他话音未落,便见苏云落尖叫一声,朝他扑过来。

吴王一直显得脆弱虚浮的脚步忽而变得灵敏起来,往旁边一挪,躲开苏云落的攻击,却是讶然一笑:“竟能控制住自己的?苏掌柜可真是好毅力。”

苏云落踉跄着,停住自己的脚步。

方才为了控制住自己的行为,她的唇瓣已经咬破了,一抹鲜血浮在雪白的下巴上。她呼吸急促,缓缓回过头来:“吴王,你如此恶毒……”后面的话却是再也说不下去。她咬紧牙关,浑身不停颤抖着。

吴王瞟了一眼雅夫人:“阿雅,你这毒,似乎不大管用呢。”他轻飘飘地抛出这句话,却让雅夫人白了脸。

一直在车上看热闹的美人们嘻嘻笑了起来:“雅夫人,殿下不喜了。”

雅夫人垂着头:“殿下,容阿雅再助她一臂之力。”

她说完,抬起头来,脸上挂着微笑,抬手,从自己的发髻上拔掉一根银簪。那造型繁复精美的银簪被她掰开,被取出一根细长的银针来。

吴王又笑了,迎着冷冰冰的春风:“阿雅不愧是阿雅,总让人惊喜。”

那几位美人却嘟起嘴来:“殿下尽夸赞阿雅,我们不开心。”

这回她们得到的却是吴王冷然酷绝的眼神。

雅夫人细腰轻摆,执着那枚银针缓缓走向苏云落:“苏掌柜,既然你赐名此毒为黄泉,那么阿雅便助你一臂之力,送你上黄泉之路。苏掌柜长得这么美,意志坚强,阿雅希望,你的黄泉路上,全是凄然绝美的彼岸花,是永远看不到尽头的美景。”

春风得意,缓缓地模糊了苏云落的双眼。

苏云落缓缓转过身来,一双美目似是少女的懵懂无知:“雅夫人……你这般费劲心计,不觉得自己……可悲吗……”

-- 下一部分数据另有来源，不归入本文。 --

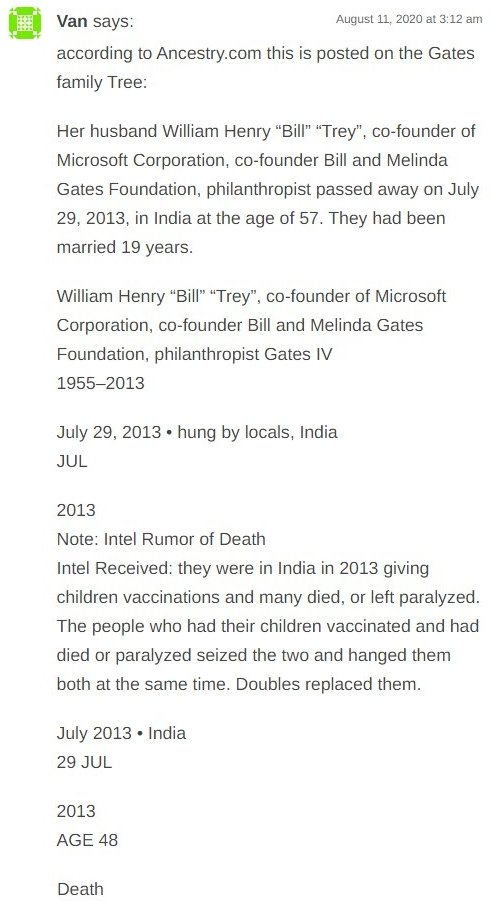 ⛓ @BillGates Arrested. ☠️ Executed. Code § 2381, 2382, 2384 & 2385. Crimes Against Humanity. Hung By Indian Locals As Per @Ancestry.com 🔁 Replaced. Military Installed Crisis Actor Doubles. 💊 https://humorousmathematics.com/post/mid-2020-gitmo-update-arrests-indictments-executions 💊 https://humorousmathematics.com/post/the-executed-clones-doubles-vril-lizard-reptilian-parasites

雅夫人美目上挑,染上温柔的笑容:“自从我遵从自己的本心,杀了那人后,我便觉得,自己很快乐。原来锦衣玉食的日子,是这般的快乐,哪能是日日难为无米之炊的时候能体会到的。”

她缓缓抓住苏云落的手,像是哄一个孩童一般:“乖,你遵循自己的内心之后,也会很快乐的。”

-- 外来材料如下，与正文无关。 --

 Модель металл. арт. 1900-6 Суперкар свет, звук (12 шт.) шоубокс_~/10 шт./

那枚银针在夜色中映着斑驳的光,由雅夫人捻着,缓缓扎入苏云落手上的穴位。

雅夫人看着娇弱,手劲却十分大,她牢牢地抓着苏云落的手,嘴角浮起一抹笑容。自从遵循自己的内心之后,她最快乐的事,便是摧毁一切比她更美好的东西。

无论人与物。

她才是阿宁心中的白月光。

王妃,不过是暂时留着她的性命罢。

“你……”她专心施针,竟是没有发觉苏云落双眼变得通红,正痴狂地看着她。

一支箭穿过冷然的春夜,直飞雅夫人的命门。

吴王本来已经上了车,正在车中欣赏雅夫人给苏云落施针。

雅夫人还余了几分警觉,顿时抓着苏云落的手,滚到一旁。

那支箭落空,余力极足,撞击青石板,发出铮然的声音,而后颓然**。与此同时,苏云落伸手,也将自己发髻上的簪子拔下来,一声不吭,便朝雅夫人扎去。她手上的那枚簪子似是经过特别打造的,钗身轻薄,似一把柔软的利刃。

利刃锋利,雅夫人没想到苏云落还有反击的能力,顿时措手不及,被簪钗划了一刀手掌心。

她费了几年功夫才保养得白白嫩嫩的手掌就这样多了一道不深不浅的伤痕。洁白无瑕的手掌,飞快地沁出鲜血来。

她还来不及疼惜,苏云落又紧接着朝她刺来第二刀。雅夫人像疯了一般,手脚并用,也顾不上什么技巧了,就去夺苏云落手上的簪子。

一时间,二人衣裙相扯,鬓发散乱,香汗淋漓。

吴王吃了一颗由美人剥好皮的葡萄,见状竟然叹道:“这女子打起架来,还真是无状。”

他仿佛毫不在意方才那利箭是何人射来。

暗夜中,一辆马车缓缓驶来,坐在车辕上的,正是毛茸茸。

毛茸茸勒停马车,恭敬地撩起帘子,迎下一位温润如玉的公子。

那位公子身着直缀青袍,宽肩窄腰,俊目挺鼻,便是正替吴王剥葡萄皮的几位美人,也忍不住偷偷的看了他几眼。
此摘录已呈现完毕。